- Born: Robert Frank Lusch January 21, 1949 Grosse Point, Michigan, US
- Died: February 23, 2017 (age 68) Tucson, Arizona, US
- Resting place: Holy Hope Cemetery, Tucson, AZ
- Education: Ph.D. from University of Wisconsin-Madison, M.B.A. University of Arizona, B.B.A. University of Arizona
- Occupation: Professor
- Years active: 1975 to 2017
- Employer: University of Arizona
- Title: Lisle and Roslyn Payne, Professor of Marketing
- Website: Faculty biodata

= Robert Lusch =

American academic (1949–2017)

Dr. Robert Frank Lusch (January 21, 1949 - February 23, 2017) was an American business professor and Professor of Marketing at the University of Arizona business school.

==Early life and education==
Lusch was born in Grosse Point, Michigan, in 1949. As an adolescent Lusch moved with his mother, father, and two sisters to Tucson, Arizona. Lusch often claimed he "grew up in Arizona"; he graduated from Tucson High School and attended the University of Arizona where he received a bachelor's degree and an MBA. In 1975 he received his Ph.D. in Business Administration from the University of Wisconsin-Madison.

==Career==
Robert Lusch graduated with his PhD from the University of Wisconsin-Madison in 1975 and started his academic career at the University of Oklahoma. After working at the University of Oklahoma for 26 years, including 5 years as the Dean of its business school (1987 to 1992), Lusch became the Dean of the M.J. Neeley School of Business at Texas Christian University in 2000. By that time, Lusch had written 14 books and published 150 articles in a variety of professional journals. Lusch's research has been published in the Journal of Marketing, Journal of Consumer Research, Journal of Marketing Research, Marketing Science, Journal of Retailing, Accounting, Organizations and Society, Sloan Management Review, Organizational Dynamics, IEEE Intelligent Systems, Journal of Operations Management, IBM Systems Journal, and Behavioral Science.
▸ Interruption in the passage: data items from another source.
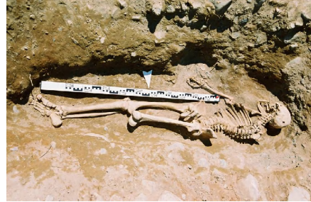
Зураг 16 Ховд Мөнххайрхан сум, Хар говийн Буган чулуун хөшөөтэй хиргисүүр
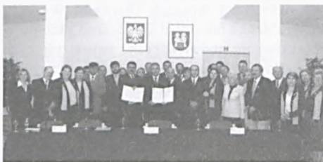
Delegacja brazylijska w Powiecie Poznańskim
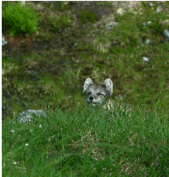
Figur 7. Fjellrev

Det ble ikke registrert yngling av fjellrev i Skardsfjella på norsk side i 2020 men en yngling ble registrert ikke langt fra grensa på svensk side.
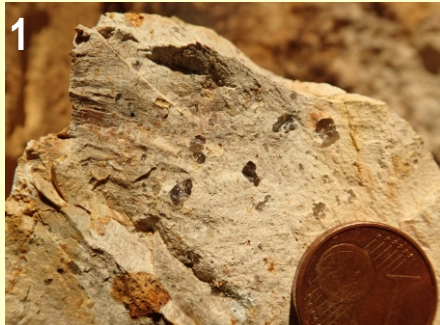
Pórfido cuarcífero con abundantes fenocristales de cuarzo translúcidos.
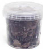
menos de 100gr.
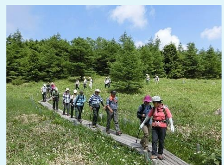
2017年 第58回 池の平湿原
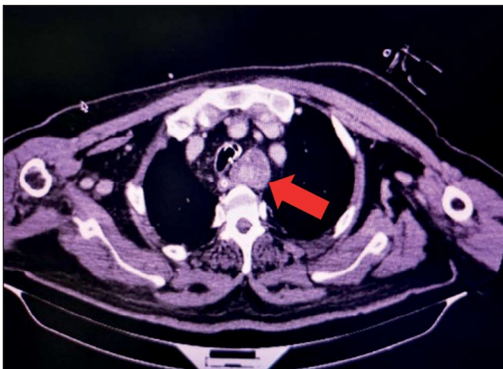
Figura 2. Tomografía de cuello. En contacto con extremo inferior izquierdo de glándula tiroidea se observa gran tumoración mediastinal ovoidea, que se localiza lateral a la tráquea y medial al cayado aórtico, de densidad heterogénea (flecha roja). Mide aprox. 80 x 29 mm L x AP.
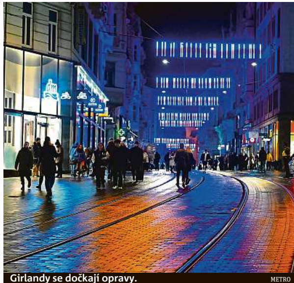
Girlandy se dočkají opravy.

Od ledna začalo studio pracovat na návrhu a samotné výrobě nových součástek, které opravují konstrukční chybu. Jako nejvhodnější se ukázala technologie 3D tisku v spolupráci s brněnskou digi-

In 2004, Lusch became the head of the "marketing department at the University of Arizona's business school." Lusch served as the Executive Director of the McGuire Center for Entrepreneurship at the University of Arizona and holds the James and Pamela Muzzy Chair in Entrepreneurship. Professor Lusch has served as Vice President of Education, Vice President of Finance, Vice President of Publications, Chairperson of the American Marketing Association, and trustee of the American Marketing Association Foundation. He has advised and consulted with Adolph Coors, Arvest Bank, Cotter & Company, Household Finance, Ford Motor Company, Fleming Companies, National Association of Wholesalers, National Retail Hardware Association, Retail Floor Covering Institute, TG&Y, True Value, and Winn's Stores.

==Recognition==
The National Retail Hardware Association awarded him the Hardware Industry Service Award (1976). The National Association of Accountants awarded him the Lybrand's Bronze Medal for contributions to accounting literature (1979). The Academy of Marketing Science awarded him in 1997 its Distinguished Marketing Educator Award, and the American Marketing Association has twice (1997 and 2005) presented him the Harold Maynard Award for contributions to marketing theory, and he is also the recipient of the AMA Louis Stern Award for contributions to the Marketing Channels' literature (2002). The Marketing Management Association has honored him with the Creative Career Contributions in Marketing award (2006). In 2009 the AMA awarded him its IOSIG Lifetime Achievement Award, and in 2010 he was the recipient of the AMA/Sheth Foundation Award for long-standing contributions to marketing literature. In February 2013 Lusch was presented the AMA/Irwin/McGraw-Hill Distinguished Marketing Educator Award.

==Personal life==
Lusch was married to Virginia Lusch and had two biological children, Mark Lusch and Stephen Lusch. He also adopted Virginia’s daughter, Heather. Lusch died from bladder cancer.